Given data
◆ ◆ ◆

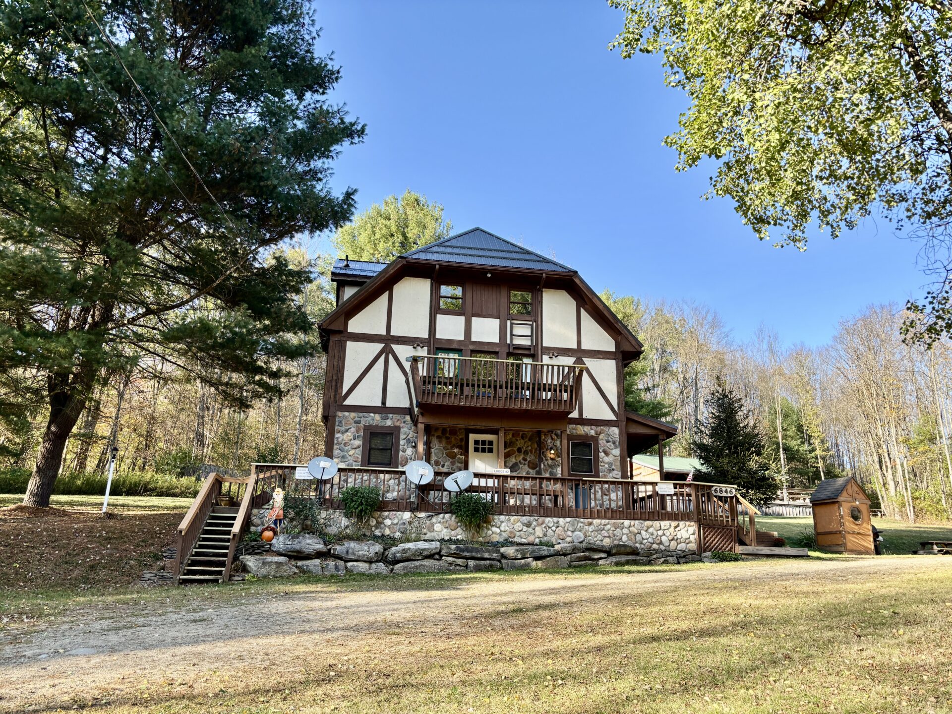 The 1st floor offers 3 bedrooms, 1.5 baths, pull-man kitchen, living area, wood stove and Flat Screen Satellite Direct TV. Sleeps 6-8 guests. The 2nd floor has a much Larger open floorplan, Kitchen & Dining Area. Offers 2 bedrooms, 1.5 baths, sleeps 8-10. Has an entertainment counter top and an open great room with a wood burning fireplace. The 3rd floor offers another 3 bedrooms, 2 full baths, a smaller kitchen & an open great room with a gas fireplace. Sleeps 8-10 guest. The 3rd floor level is annexed and offers it’s own exterior stair entrance around back and is Accessible by exterior decks and walkways.
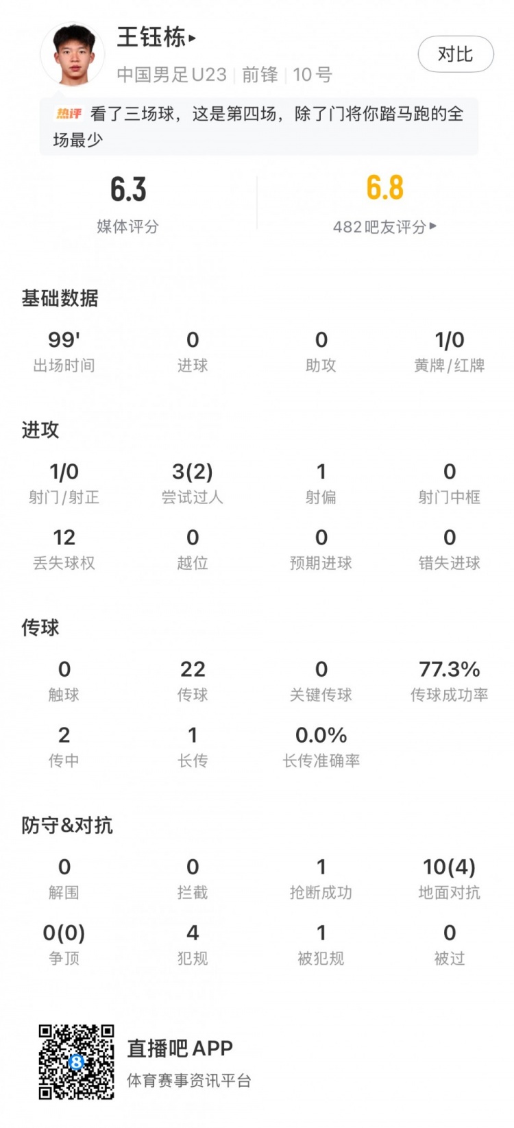 直播吧1月17日讯U23亚洲杯1/4决赛,国足vs乌兹别克斯坦,王钰栋为U23国足首发出战,加时赛第9分钟因体力耗尽被换下,最终获评6.3分。
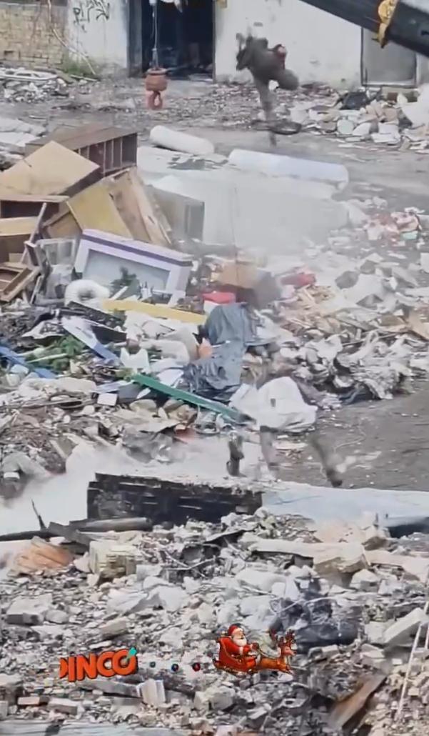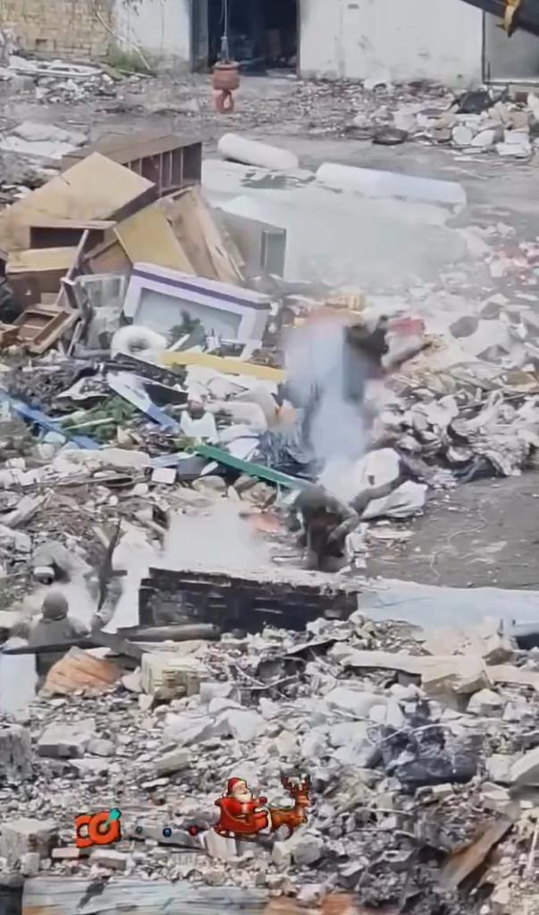 讽刺了乌克兰电视马拉松节目对战争的报道,称其是由虚构的“贝克街区95号”工作室制作的——这是对泽连斯基的“95街区”喜剧团的嘲讽——帖子使用了一段21秒的视频,视频中士兵身处废墟之中,一辆虎式俄罗斯装甲车,场景中一群俄罗斯士兵在庆祝,一声爆炸一个人体模型被炸上天,不知道是要表达哪个战区的情况。画面上叠加了红色“制作”标签,例如“BINGO”和“已完成”,以此来暗示这是摆拍的宣传片。 该视频于2025年12月23日发布,迅速获得了220个赞和34条回复,其中大部分来自讲俄语的用户,他们借此放大反乌克兰的嘲讽。 在双方互相指责对方伪造视频之际,最近的报道证实,验证此类在战场上广为流传的视频真实性的难度。

◆ ◆ ◆

Your task
Could you reproduce the data above exactly, without its pictures?

Solution for this task
 The 1st floor offers 3 bedrooms, 1.5 baths, pull-man kitchen, living area, wood stove and Flat Screen Satellite Direct TV. Sleeps 6-8 guests. The 2nd floor has a much Larger open floorplan, Kitchen & Dining Area. Offers 2 bedrooms, 1.5 baths, sleeps 8-10. Has an entertainment counter top and an open great room with a wood burning fireplace. The 3rd floor offers another 3 bedrooms, 2 full baths, a smaller kitchen & an open great room with a gas fireplace. Sleeps 8-10 guest. The 3rd floor level is annexed and offers it’s own exterior stair entrance around back and is Accessible by exterior decks and walkways.
 直播吧1月17日讯U23亚洲杯1/4决赛,国足vs乌兹别克斯坦,王钰栋为U23国足首发出战,加时赛第9分钟因体力耗尽被换下,最终获评6.3分。
 讽刺了乌克兰电视马拉松节目对战争的报道,称其是由虚构的“贝克街区95号”工作室制作的——这是对泽连斯基的“95街区”喜剧团的嘲讽——帖子使用了一段21秒的视频,视频中士兵身处废墟之中,一辆虎式俄罗斯装甲车,场景中一群俄罗斯士兵在庆祝,一声爆炸一个人体模型被炸上天,不知道是要表达哪个战区的情况。画面上叠加了红色“制作”标签,例如“BINGO”和“已完成”,以此来暗示这是摆拍的宣传片。 该视频于2025年12月23日发布,迅速获得了220个赞和34条回复,其中大部分来自讲俄语的用户,他们借此放大反乌克兰的嘲讽。 在双方互相指责对方伪造视频之际,最近的报道证实,验证此类在战场上广为流传的视频真实性的难度。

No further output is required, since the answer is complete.